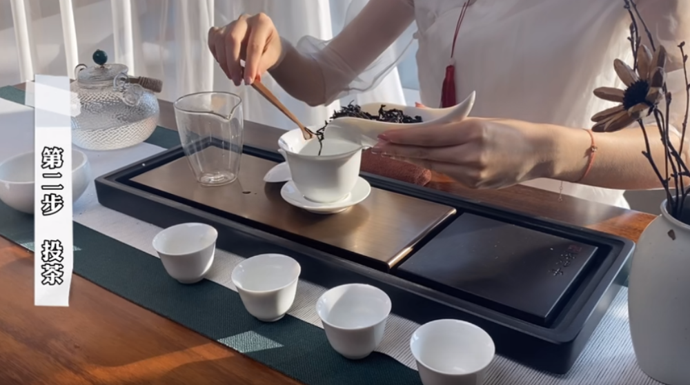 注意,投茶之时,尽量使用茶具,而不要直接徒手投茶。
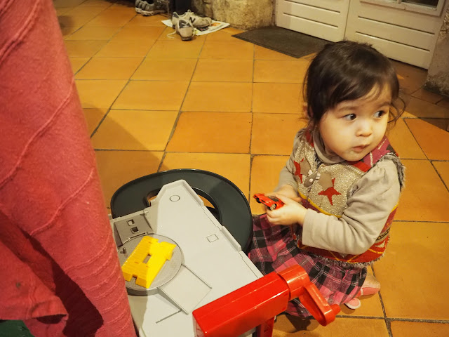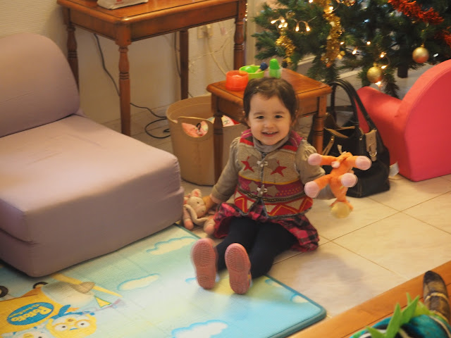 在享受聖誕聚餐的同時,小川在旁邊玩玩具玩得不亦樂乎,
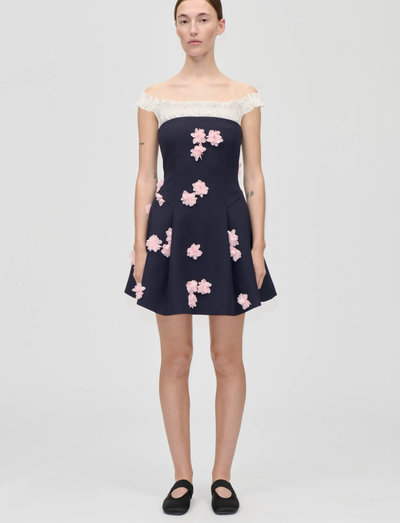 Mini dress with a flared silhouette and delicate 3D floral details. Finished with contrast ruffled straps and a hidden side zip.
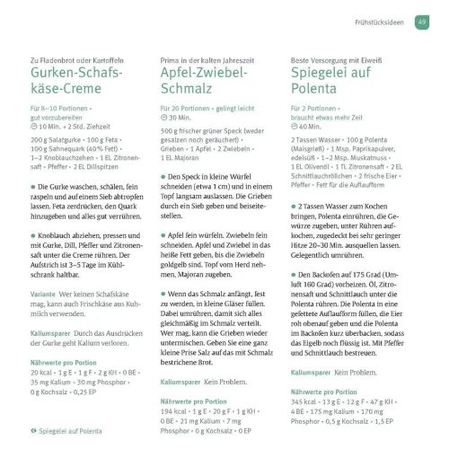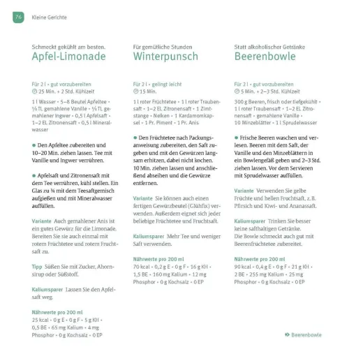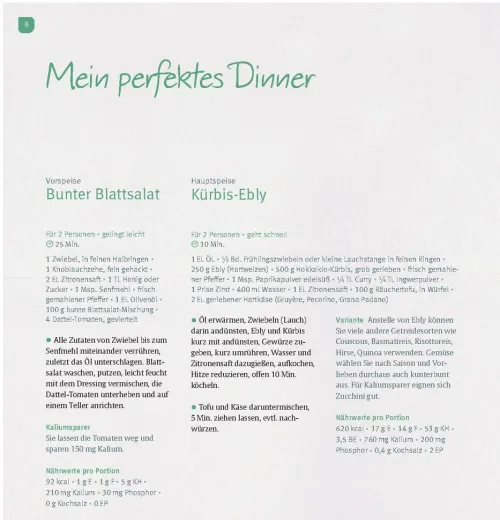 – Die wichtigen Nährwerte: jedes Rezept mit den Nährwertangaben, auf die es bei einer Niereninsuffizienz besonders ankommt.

◆ ◆ ◆ ◆ ◆ ◆ ◆

REQUIREMENT> Quote exactly the lines from the line that contains "Mini dress with" through the last line of the listing, please, leaving out all pictures.

OUTPUT FOR THIS EXERCISE>
 Mini dress with a flared silhouette and delicate 3D floral details. Finished with contrast ruffled straps and a hidden side zip.
 – Die wichtigen Nährwerte: jedes Rezept mit den Nährwertangaben, auf die es bei einer Niereninsuffizienz besonders ankommt.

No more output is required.